In the PNAS Early Edition this week, researchers at Michigan State University and their colleagues show that Pack-Mutator-like transposable elements "specifically acquire GC-rich fragments and preferentially insert into the 5' end of genes" in Arabidopsis, which they say "may influence the conformation of chromatin, the expression level of genes, as well as the recombination rate." These Pack-Mutator-like transposable elements — or Pack-MULEs — "form independent, GC-rich transcripts with a negative GC gradient" or themselves "evolve into additional exons at the 5′ end of existing genes, thus altering the GC content in those regions," the authors write.
Investigators in Italy and Brazil this week show that the cardiac-specific knockout of Hcn4, the pacemaker channel gene, causes fatal deep bradycardia and heart block ablation in mice. The team's immunofluorescence and Western blot analyses corroborated its functional findings as they both "showed reduced expression of HCN4 protein in [sinoatrial node] tissue and cells," the authors write. As a result of its study, the team concluded that "cardiac HCN4 channels are essential for normal heart impulse generation and conduction in adult mice and support the notion that dysfunctional HCN4 channels can be a direct cause of rhythm disorders."
The Stanford University School of Medicine's Selena Sagan and her colleagues report in this week's PNAS that miRNA-122 forms an "unconventional microRNA-target RNA complex," that occludes the 5' terminal nucleotides of the hepatitis C virus genome." This complex "protects the 5' terminal viral sequences from nucleolytic degradation or from inducing innate immune responses to the RNA terminus," Sagan et al. show.
And investigators at the Australian Research Council Centre of Excellence in Plant Energy Biology — along with their colleague at the University of Western Australia — report that pentatricopeptide repeat protein-encoding genes related to the restorer-like genes required for male gametophyte development are expressed extensively across plant genomic sequence.
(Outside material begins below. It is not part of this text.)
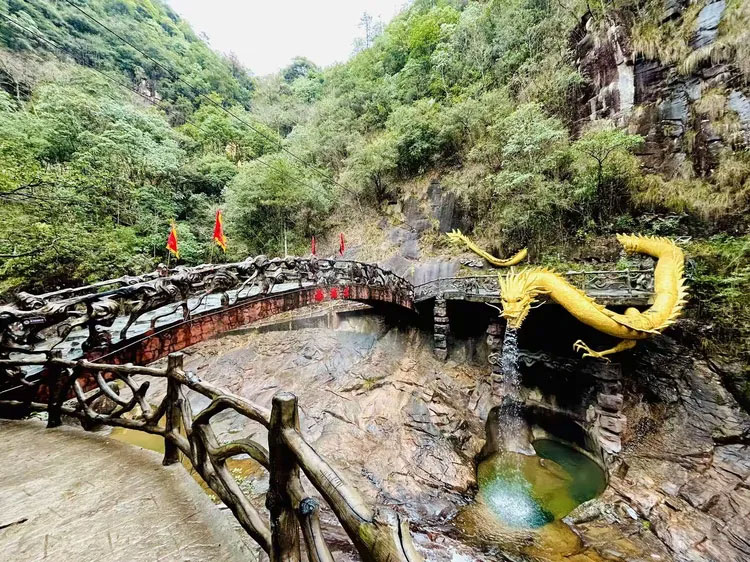 文成龙麒源位于浙江温州文成县西坑畲族镇梧溪境内的蟹坑地带,东邻百丈漈风景名胜区,南接飞云湖、岩门大峡谷景区,西接铜铃山、石洋两大森林公园,北距刘基故里,是文成县“马蹄”型旅游圈的中心位置,有着得天独厚的地理优势。龙麒源景区面积6000多亩,景区由龙麒山、金碧滩、龙麒峡、语溪谷、飞翠湖等五大部分组成,全部为亚热带阔叶林木,是文成县保存最完好的生态公益林,植被丰茂,碧水长流,峡谷幽深,是集山水旅游、休闲探险、地貌原始森林考察的好去处。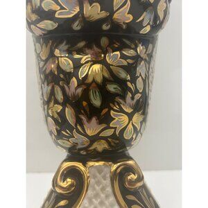 Pair of gilded Rococo majolica decor ewers lamps reticulated hand painted Italy

The Australian team suggests that, because of the chromosomal clustering and "notably high rates of non-synonymous to synonymous substitutions" they've observed, these genes have been subjected to diversifying selection. "The selection patterns on [fertility restorer]-like genes reveal a molecular 'arms-race' between the nuclear and mitochondrial genomes that has persisted throughout most of the evolutionary history of angiosperms," the authors propose in PNAS.